Nevertheless, in a judgement that remains controversial, Harrison was found guilty of infringing copyright law. He probably was not helped by his former band mate, John Lennon, saying:

"He must have known, you know. He's smarter than that ... George could have changed a few bars in that song and nobody could have even touched him ..."

"Could have changed a few bars ..."


It's not just popular music. Tchaikovsky based the opening theme of his piano concerto in B-flat major on the songs of blind beggars he'd heard in the Russian village of Kalemko. Vaughan Williams and Antonin Dvorak and Bela Bartok scoured the countryside as song collectors, incorporating borrowed melodies into their own compositions. An Alexander Borodin melody from his opera "Prince Igor" became the Tin Pan Alley tune "Stranger in Paradise."

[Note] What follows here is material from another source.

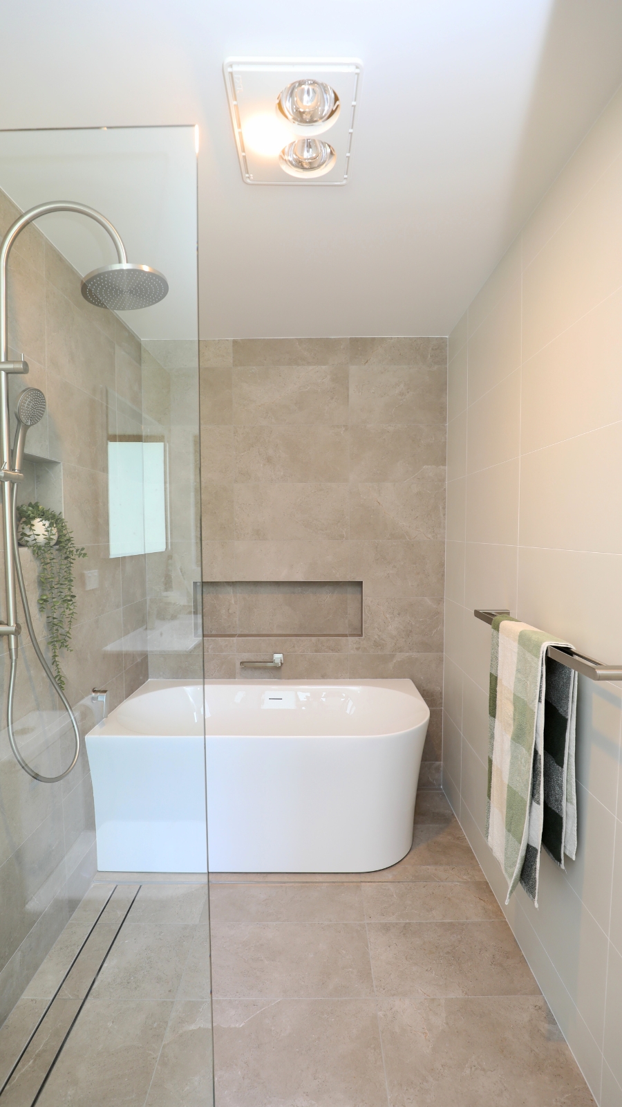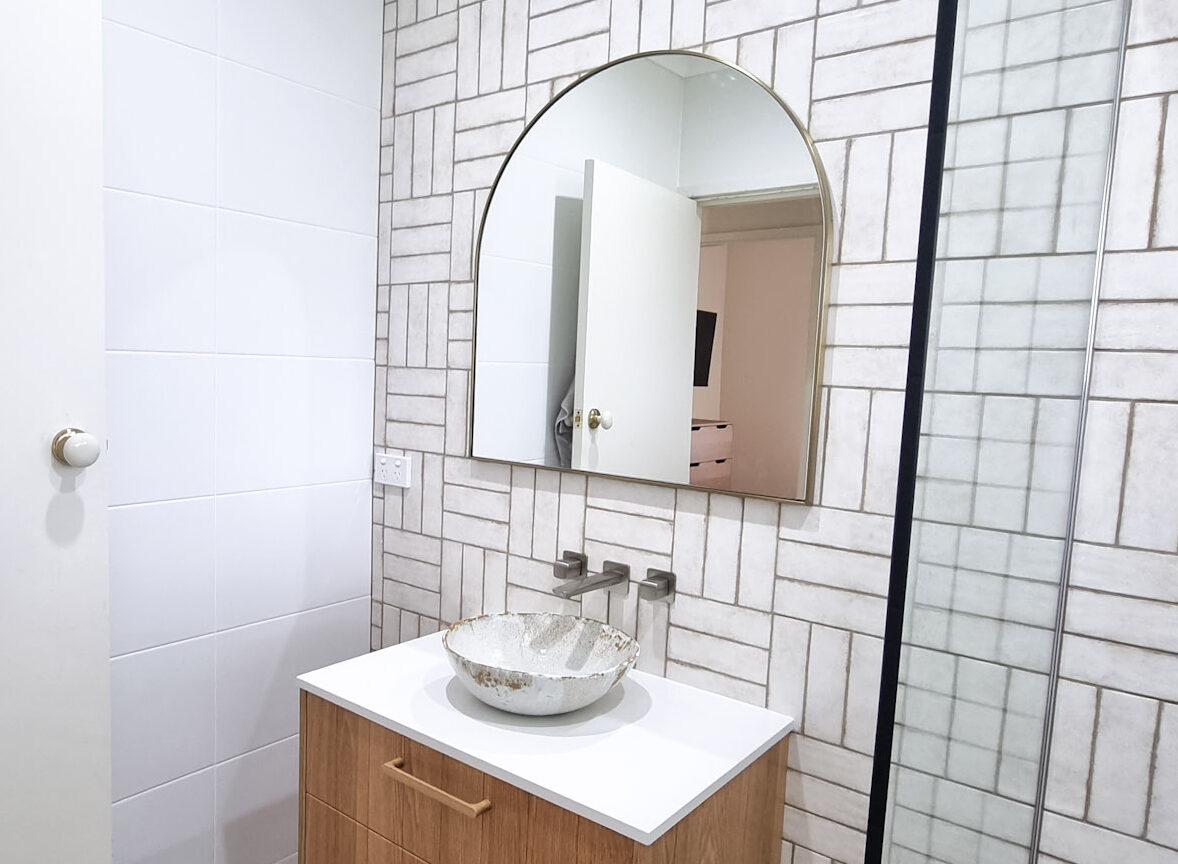 With this renovation our clients knew exactly what they were after and even HAND CRAFTED their own vanity bowl (now, you cannot say that isn’t impressive!), which paired beautifully with the selected feature wall tiles laid in a basket weave pattern!

In a 1916 edition of Green Book magazine (1909-1921) songwriter Irving Berlin wrote: "There has been a standing offer in Vienna, holding a large prize, to anyone who can write eight bars of original music. The offer has been up for over twenty-five years. Thousands of compositions have been submitted, but all of them have been traced back to some other melody."

Berlin continued, "Our work is to connect the old (musical) phrases in a new way ..."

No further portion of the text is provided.